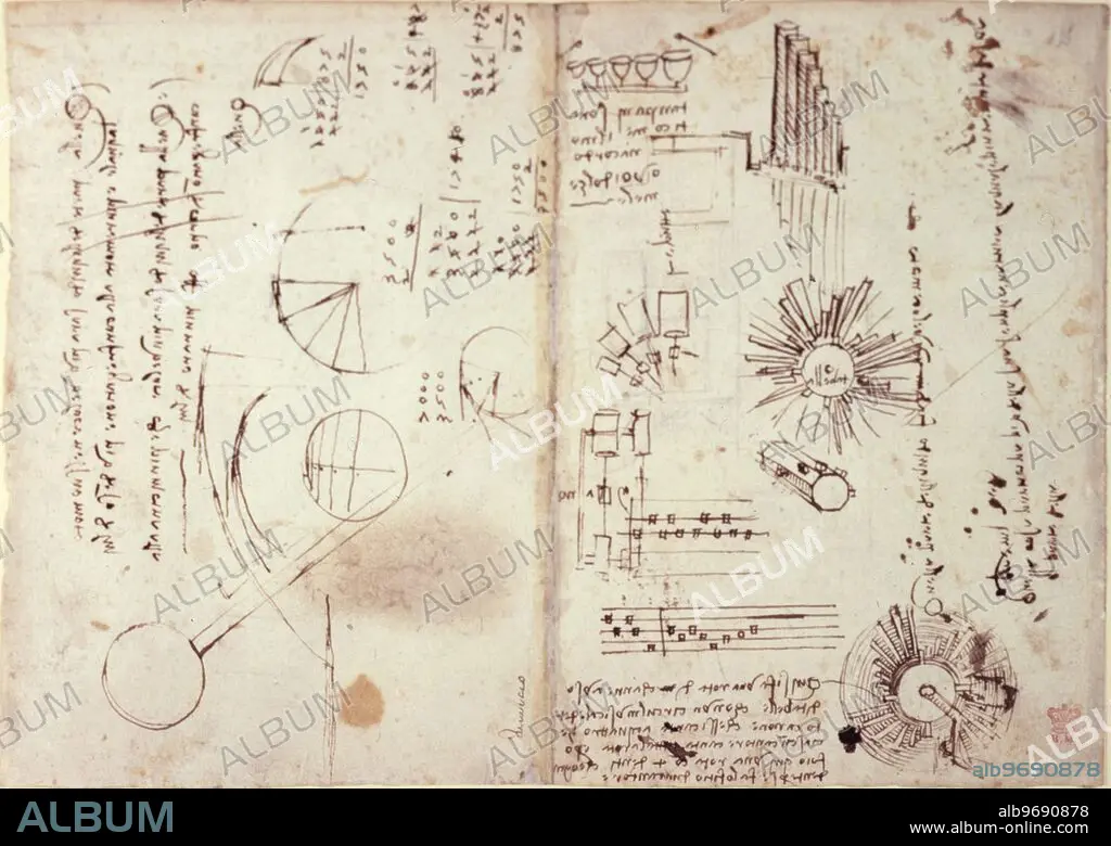 Caption: Notes and drawings by Leonardo da Vinci, early 16th century. Pages from the Notebook of Leonardo da Vinci (1452-1519), showing sketches and diagrams.
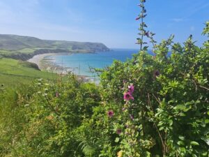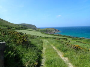 Na ongeveer een kilometer begonnen de heuvels al. Het was zwaar maar wel heel erg mooi. Qua natuur het mooiste gedeelte van de GR223. Na heel wat op en neer kwamen we langs een redelijk volle parkeerplaats. Het was duidelijk Pinksterweekend. Vanaf de parkeerplaats ging het stevig omhoog tot we bij Pointe Jobourg kwamen.
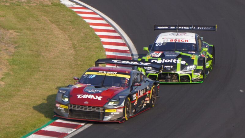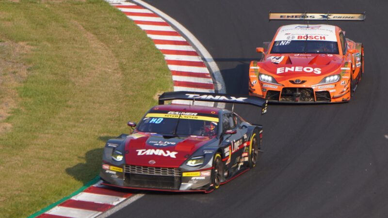 GT300の11号車 GAINERの日産フェアレディZ(ドライバー・大木一輝)、GT500の14号車 TGR TEAM ENEOS ROOKIEのトヨタGRスープラ(ドライバー・福住仁嶺)

→ Task objective
Copy all of the material word for word, and include none of its pictures.

→ Answer
 Caption: Notes and drawings by Leonardo da Vinci, early 16th century. Pages from the Notebook of Leonardo da Vinci (1452-1519), showing sketches and diagrams.
 Na ongeveer een kilometer begonnen de heuvels al. Het was zwaar maar wel heel erg mooi. Qua natuur het mooiste gedeelte van de GR223. Na heel wat op en neer kwamen we langs een redelijk volle parkeerplaats. Het was duidelijk Pinksterweekend. Vanaf de parkeerplaats ging het stevig omhoog tot we bij Pointe Jobourg kwamen.
 GT300の11号車 GAINERの日産フェアレディZ(ドライバー・大木一輝)、GT500の14号車 TGR TEAM ENEOS ROOKIEのトヨタGRスープラ(ドライバー・福住仁嶺)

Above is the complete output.